In Situ Surface Chemistries and Catalytic Performances of Ceria Doped with Palladium, Platinum, and Rhodium in Methane Partial Oxidation for the Production of Syngas
journal contributionposted on 01.11.2013, 00:00 by Yuan Zhu, Shiran Zhang, Jun-jun Shan, Luan Nguyen, Sihui Zhan, Xiaoli Gu, Franklin (Feng) Tao
Methane partial oxidation (MPO) chemically transforms natural gas into syngas for the production of gasoline. CeO2 doped with transition-metal ions is one type of catalyst active for MPO. A fundamental understanding of MPO on this type of catalyst is important for the development of catalysts with high activity and selectivity for this process. CeO2-based catalysts, including Pd-CeO2-air, Pd-CeO2-H2, Pt-CeO2-air, Pt-CeO2-H2, Rh-CeO2-air, and Rh-CeO2-H2, were synthesized through doping noble-metal ions in the synthesis of CeO2 nanoparticles.

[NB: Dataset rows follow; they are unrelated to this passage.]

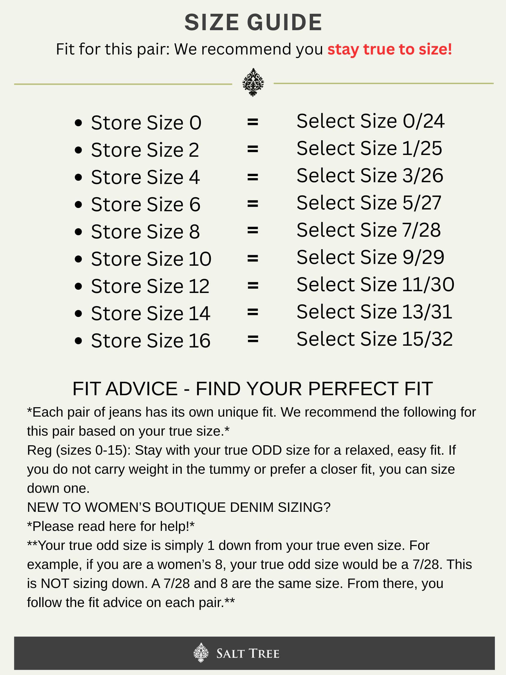 NEW TO WOMEN’S BOUTIQUE DENIM SIZING? Your true odd size is simply 1 down from your true even size. For example, if you are a women’s 8, your true odd size would be a 7/28. This is NOT sizing down; a 7/28 and 8 are the same size. From there, you follow the fit advice on each pair.
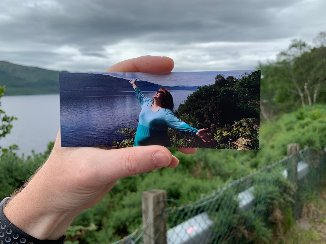 And here you can see we found the Scottish countryside where the photo was taken. A roadside viewpoint on Loch Ness (date 2016).
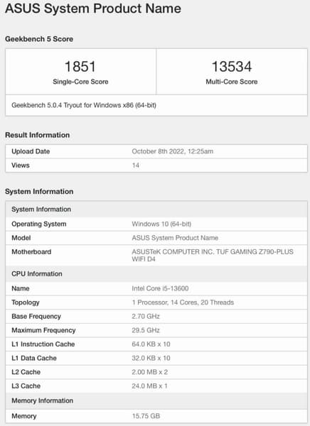Core i5-13600 тестировали в составе сборки с материнской платой Asus на чипсете Intel Z790 и с 16 ГБ оперативной памяти DDR5. Как видно на скриншоте, бенчмарк неправильно определил максимальную частоту процессора. Но остальные параметры, судя по всему, корректны.
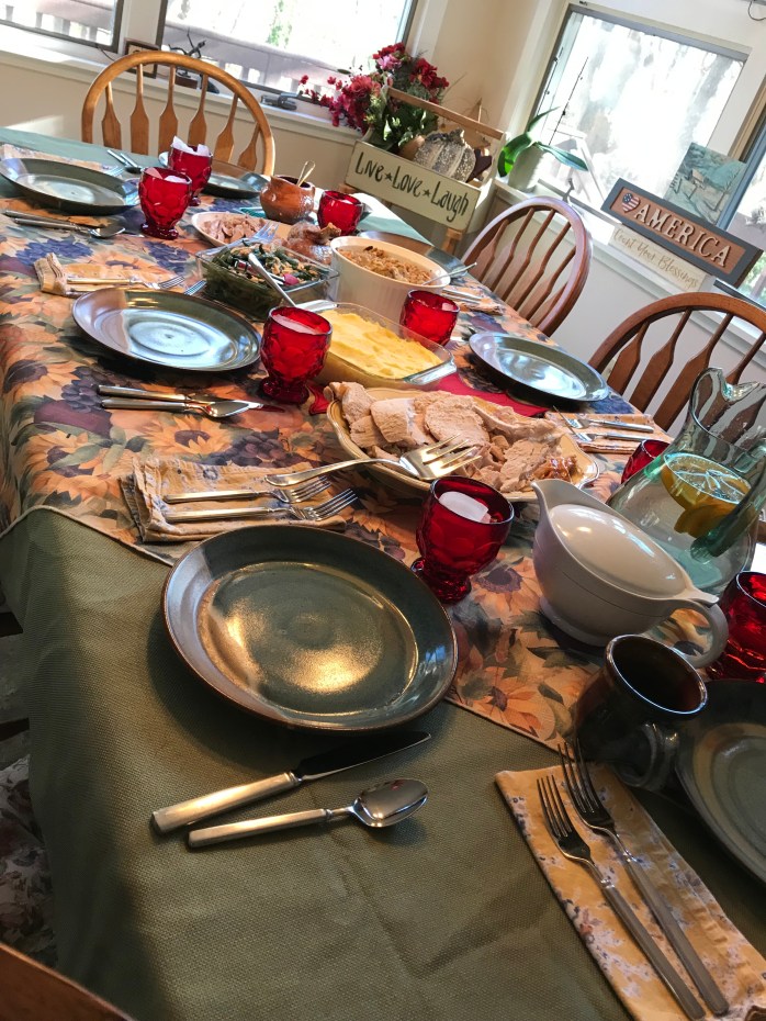 Then, our Thanksgiving was full of family, food, and lots to be thankful for! This was taken BEFORE all the food was on the table…….it shows the stunning pottery plates and mugs made by Linda’s husband, John, who is an artist!
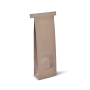 They include a tin-tie for easy resealing and a window for premium presentation of the products. The bags are brown, and are compostable. Please note that the tin-tie must be discarded prior to composting.
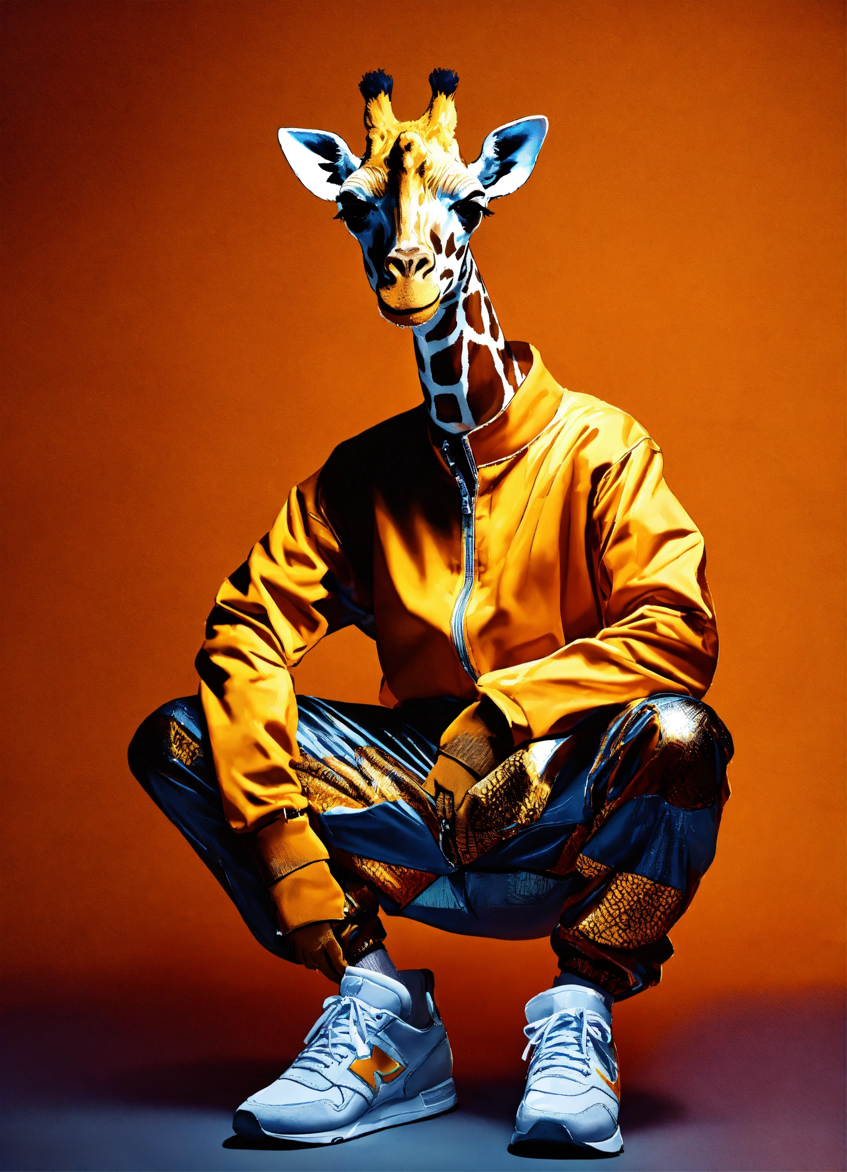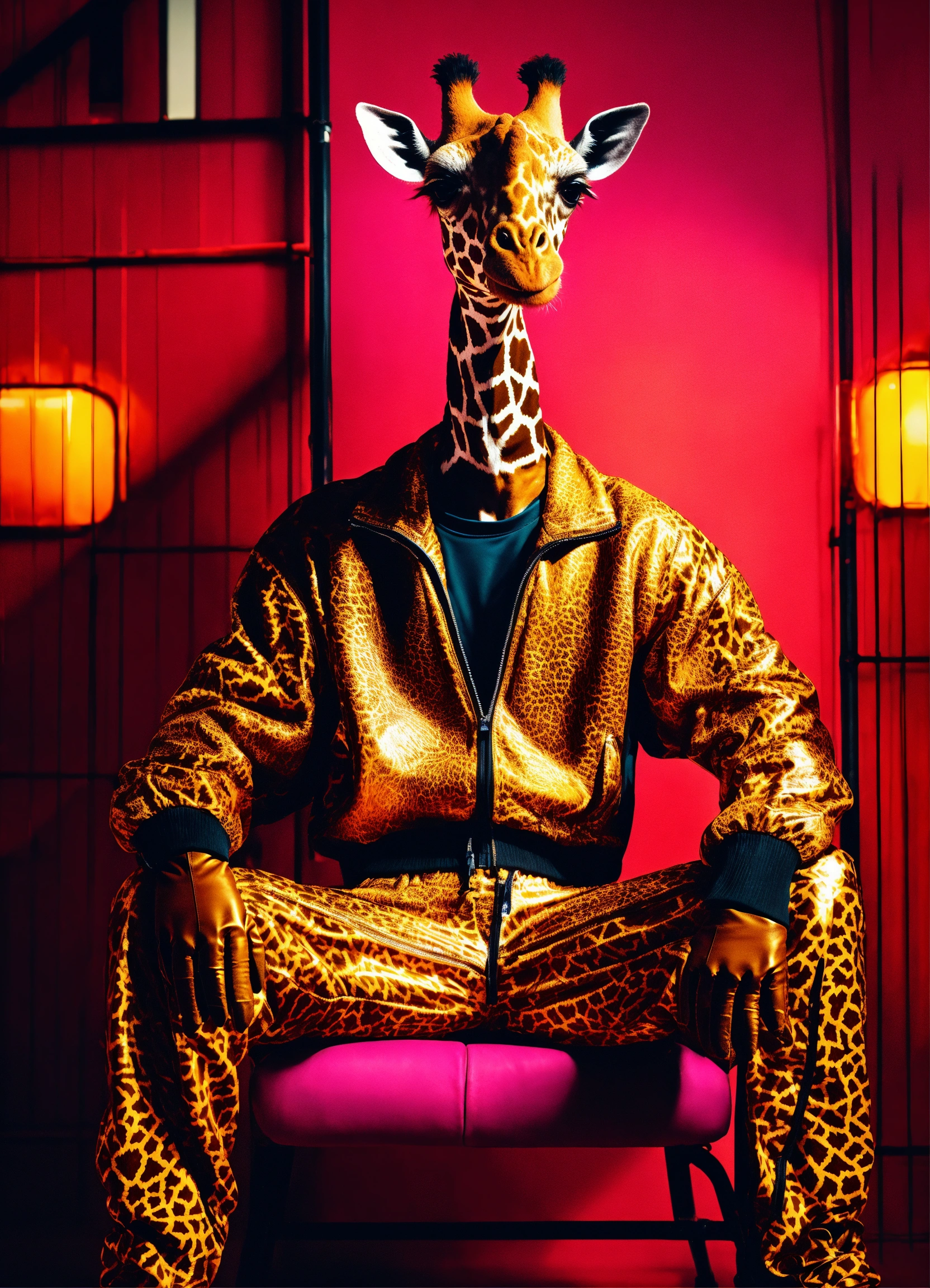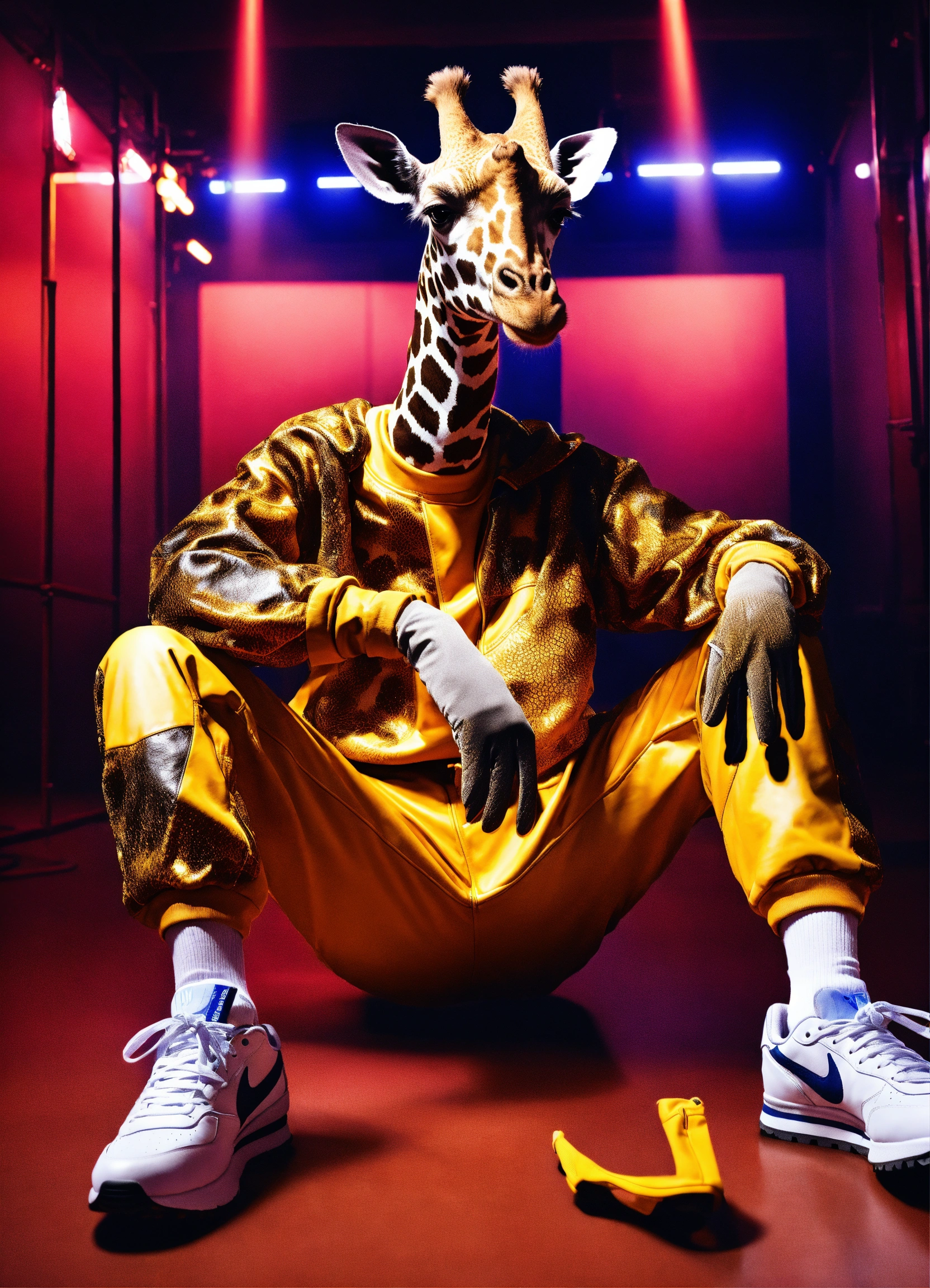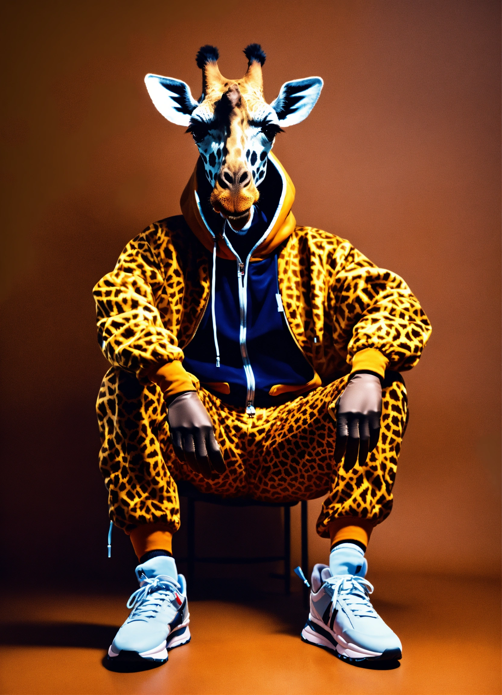 An extremely ultra-realistic photo-realistic giraffe rapper sits in a tracksuit and pants made from his own skin. in sneakers and leather gloves. volumetric lighting, maximalist photo illustration, 8k resolution concept art, intricately detailed, complex, expansive, fantastical.

The catalytic activity and selectivity in the production of H2 and CO through MPO on these ceria-based catalysts as well as their surface chemistries during catalysis were investigated. They exhibit quite different catalytic performances in MPO under identical catalytic conditions. In situ studies of their surface chemistries during catalysis, using ambient-pressure X-ray photoelectron spectroscopy (AP–XPS), revealed quite different surface chemistries during catalysis. Correlations between the catalytic performances of these catalysts and their corresponding surface chemistries during catalysis were developed. Differing from the other four catalysts, Rh doped in the surface lattice of a CeO2 catalyst, including Rh-CeO2-air and Rh-CeO2-H2, is in a complete ionic state during catalysis. Correlations between the in situ surface chemistry and the corresponding catalytic performance show that Rh ions and Pt ions doped in the lattice of CeO2 as well as metallic Pd nanoparticles supported on CeO2 are active components for MPO. Among these catalysts, Rh-doped CeO2 exhibited the highest catalytic activity and selectivity in MPO.